Open problems in RL
Challenges with core algorithms:
- Stability: does your algorithm converge?
- Efficiency: how long does it take to converge? (how many samples)
- Generalization: after it converges, does it generalize?
Challenges with assumptions:
- Is this even the right problem formulation?
- What is the source of supervision?
Stability
- Devising stable RL algorithms is very hard
- Q-learning/value function estimation
- Fitted Q/fitted value methods with deep network function
- estimators are typically not contractions, hence no guarantee of convergence
- Lots of parameters for stability:
- target network delay, replay buffer size, clipping, sensitivity to learning rates, etc.
- Fitted Q/fitted value methods with deep network function
- Policy gradient/likelihood ratio/REINFORCE
- Very high variance gradient estimator
- Lots of samples, complex baselines, etc.
- Parameters: batch size, learning rate, design of baseline
- Model-based RL algorithms
- Model class and fitting method
- Optimizing policy w.r.t. model non-trivial due to backpropagation through time
- More subtle issue: policy tends to exploit the model
Sample Efficiency
- Need to wait for a long time for your homework to finish running
- Real-world learning becomes difficult or impractical
- Precludes the use of expensive, high-fidelity simulators
- Limits applicability to real-world problems
Scaling up deep RL & Generalization
Supervised Learning (with Imagenet)
- Large-scale
- Emphasizes diversity
- Evaluated on generalization
RL:
- Small-scale
- Emphasizes mastery
- Evaluated on performance
Supervision
Where do supervision come from?
- For atari games, it is natural for supervision (reward) to come from the game score
- But there are other form of supervisions other than rewards that we can potentially incorporate
- Demonstrations
- Muelling, K et al. (2013).

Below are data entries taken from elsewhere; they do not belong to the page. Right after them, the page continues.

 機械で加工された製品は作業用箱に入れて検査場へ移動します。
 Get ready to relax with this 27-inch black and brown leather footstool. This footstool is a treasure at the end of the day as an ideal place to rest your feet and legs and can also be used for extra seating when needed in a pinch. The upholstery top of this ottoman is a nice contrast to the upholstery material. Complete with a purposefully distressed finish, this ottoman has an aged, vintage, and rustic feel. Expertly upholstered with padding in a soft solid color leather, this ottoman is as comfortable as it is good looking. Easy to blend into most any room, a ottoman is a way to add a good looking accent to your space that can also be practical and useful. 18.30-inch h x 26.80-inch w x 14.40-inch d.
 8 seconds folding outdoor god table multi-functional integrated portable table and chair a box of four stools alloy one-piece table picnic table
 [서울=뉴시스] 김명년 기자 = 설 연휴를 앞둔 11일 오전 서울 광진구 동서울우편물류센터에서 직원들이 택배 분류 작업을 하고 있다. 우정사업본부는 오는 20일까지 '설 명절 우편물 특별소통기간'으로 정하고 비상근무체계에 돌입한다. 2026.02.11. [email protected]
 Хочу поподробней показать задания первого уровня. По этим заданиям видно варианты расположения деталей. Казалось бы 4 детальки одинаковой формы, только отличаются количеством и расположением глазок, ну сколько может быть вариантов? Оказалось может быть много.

Learning to Select and Generalize Striking Movements in Robot Table Tennis
- Language
- Andreas et al. (2018). Learning with latent language
- Human preferences
- Christiano et al. (2017). Deep reinforcement learning from human preferences
- Demonstrations
Rethinking the problem formulation
- How should we define a control problem?
- What is the data?
- What is the goal?
- What is the supervision?
- may not be the same as the goal...
- Think about the assumptions that fit your problem setting!
- Don’t assume the basic RL problem is set in stone
Some perspectives
- RL as an Engineering Tool
- “Anything you can simulate you can control”
- Before: characterize, simulate, control
- Now: characterize, simulate, run RL
- Powerful inversion engine ⇒ but still needs to simulate!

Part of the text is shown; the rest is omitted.